Her debut album, Find Your Way, sold over a one thousand thousand copies cosmopolitan, and paved the way for her sophomore, self-titled record album, released in 1996 and produced by the Boilerhouse Boys. In trey short old age, those deuce albums and nine singles -- five-spot of which were Top Ten -- established Gabrielle as the U.K.'s premier mortal vocalizer, wide-cut of hellenic psyche connotations (Marvin Gaye, Barry White, Bobby Womack) but besides influenced by early-'80s British pop (Mortal II Soul, Lisa Stansfield, Mantronix).
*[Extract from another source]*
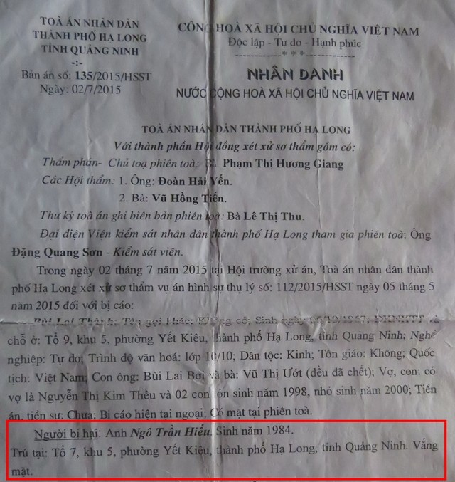 Tuy nhiên, trong quá trình chờ vụ án được đưa ra xét xử, anh Ngô Trần Hiếu bị vướng vào một vụ án khác nên bị bắt tạm giam. Đến ngày 2/7/2015, TAND TP Hạ Long đưa vụ án “Cố ý gây thương tích” ra xét xử. Mặc dù tại phiên tòa, bị hại Ngô Trần Hiếu không có mặt, nhưng HĐXX vẫn quyết định tiến hành mà không cần biết bị hại vắng mặt vì lý do gì?.

In 2000, Gabrielle followed up with her fitly highborn tierce album, Rise, which followed a unmanageable time for her personally and creatively. Widely publicized reports concerning her ex-partner's criminal article of faith threatened to overshadow her melodious accomplishments, not to credit her creative potency. The songs on Rise spoke of optimism, romanticism, devotion, and a dandy survival instinct. The lead-in undivided, "Sun," was a enlivened give thanks you to those friends you have on hand to hike your confidence when you're low. The album's claim track samples Bob Dylan's hellenic "Knockin' on Heaven's Door" with his rare seal of favourable reception. 2001's cosmopolitan strike "Out of Reach" was the feature track from the St. Bride Jones's Diary soundtrack.